If FISH assessments were unremarkable, indicate “no abnormalities” and continue with question 252.

Questions 248-251: Specify cytogenetic abnormalities (FISH)

Report the International System for Human Cytogenetic Nomenclature (ISCN) compatible string, if applicable, in question 248, then continue with question 249.

Report the number of abnormalities detected by FISH at the time of evaluation for this reporting period in question 249. After indicating the number of abnormalities in question 249, select all abnormalities detected in questions 250-251.

If an abnormality is detected, but not listed as an option in question 250, select “other abnormality” and specify the abnormality in question 251. If multiple “other abnormalities” were detected, report “see attachment” in question 251 and attach the final report(s) for any other abnormalities detected. For further instructions on how to attach documents in FormsNet3SM, refer to the Training Guide.

Question 252: Was documentation submitted to the CIBMTR? (e.g. FISH report)

Indicate if the FISH report is attached to support the cytogenetic findings reported in questions 248-251. For further instructions on how to attach documents in FormsNet3SM, refer to the Training Guide.

Question 253: Were cytogenetics tested via karyotyping?

If karyotyping studies were performed at the time of evaluation for this reporting period, report “yes” for question 253 and go to question 254. If karyotyping studies were not performed, report “no” for question 253 and go to question 262. Examples of this include: no karyotyping study performed or karyotyping sample was inadequate.
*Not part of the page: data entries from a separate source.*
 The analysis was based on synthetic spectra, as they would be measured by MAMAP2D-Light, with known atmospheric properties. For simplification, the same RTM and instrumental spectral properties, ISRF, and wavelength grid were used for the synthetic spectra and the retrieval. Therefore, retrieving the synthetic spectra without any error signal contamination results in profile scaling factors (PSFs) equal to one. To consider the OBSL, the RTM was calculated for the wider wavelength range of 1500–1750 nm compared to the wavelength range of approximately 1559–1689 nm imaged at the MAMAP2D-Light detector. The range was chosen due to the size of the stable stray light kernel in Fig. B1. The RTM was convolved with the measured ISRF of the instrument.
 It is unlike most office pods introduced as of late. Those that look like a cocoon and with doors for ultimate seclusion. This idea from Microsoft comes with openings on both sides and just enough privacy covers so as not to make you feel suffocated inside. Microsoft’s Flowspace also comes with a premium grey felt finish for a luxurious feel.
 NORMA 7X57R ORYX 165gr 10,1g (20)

Questions 254-255: Sample source

Indicate if the sample was from “bone marrow” or “peripheral blood” and report the date the sample was collected in question 255. Continue with question 256. If multiple sources were used for karyotyping analysis, the preferred sample is the bone marrow

Question 256: Results of test

If karyotyping assessments identified abnormalities, indicate “abnormalities identified” and continue with question 257.
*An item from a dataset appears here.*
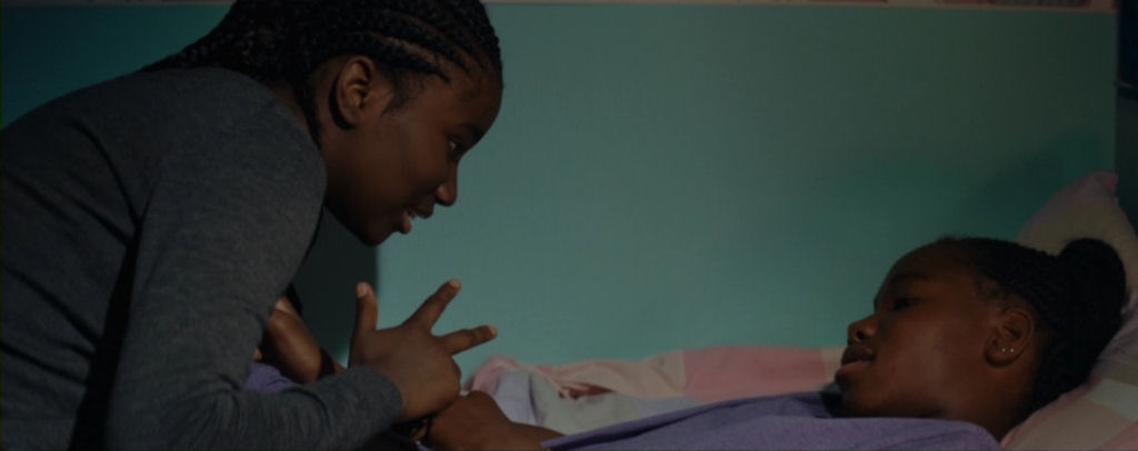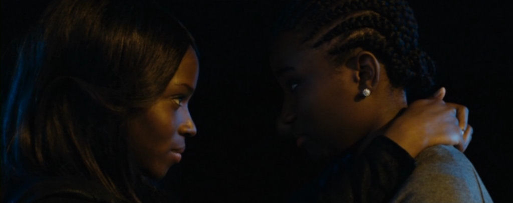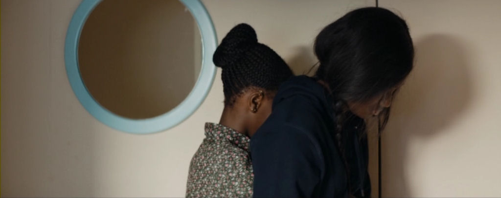 Girlhood er full av slike visuelle sammenligninger. Når Vic er hjemme igjen etter Rihanna-scenen på hotellet, beundrer hun kjolen hun brukte der i et speil, filmet mot en naken, turkisfarget vegg. Like etter ser vi søsteren, filmet fra omtrent samme vinkel, gjøre akkurat det samme. Dette er et av filmens mange innslag som viser det nære forholdet mellom de to søstrene, og hvordan den yngre ligger noen hakk etter, men i samme utviklingspor: Vic blir sjokkert når hun under danseoppvisningen oppdager at søsteren, sammen med en gjeng, forsøker å true til seg en veske.

If karyotyping assessments were unremarkable, indicate “no abnormalities” and continue with question 261.

If karyotyping assessment yielded an inadequate result, indicate “no evaluable metaphases” and continue with question 261.
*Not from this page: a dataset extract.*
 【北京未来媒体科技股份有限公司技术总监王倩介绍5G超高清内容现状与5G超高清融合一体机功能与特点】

Questions 257-260: Specify cytogenetic abnormalities (karyotyping)

Report the International System for Human Cytogenetic Nomenclature (ISCN) compatible string, if applicable, in question 257, then continue with question 258.

Report the number of abnormalities detected by karyotyping at the time of evaluation for this reporting period in question 258. After indicating the number of abnormalities in question 258, select all abnormalities detected in questions 259-260.

If an abnormality is detected, but not listed as an option in question 259, select “other abnormality” and specify the abnormality in question 260. If multiple “other abnormalities” were detected, report “see attachment” in question 260 and attach the final report(s) for any other abnormalities detected. For further instructions on how to attach documents in FormsNet3SM, refer to the Training Guide.

Question 261: Was documentation submitted to the CIBMTR? (e.g. karyotyping report)

Indicate if the karyotyping report is attached to support the cytogenetic findings reported in questions 257-260. For further instructions on how to attach documents in FormsNet3SM, refer to the Training Guide.

Questions 262-263: Was disease detected via bone marrow examination? (at the time of evaluation for this reporting period)

Indicate if disease was detected at the time of evaluation for this reporting period by a bone marrow examination. If disease was detected, report “yes” for question 262 and report the date of the assessment in question 263. Continue with question 264.

If the exact date is not known, use the process for reporting partial or unknown dates as described in the General Instructions, Guidelines for Completing Forms.

If disease was detected by multiple bone marrow biopsies during the reporting period, report the date of the assessment performed closest to the date of contact.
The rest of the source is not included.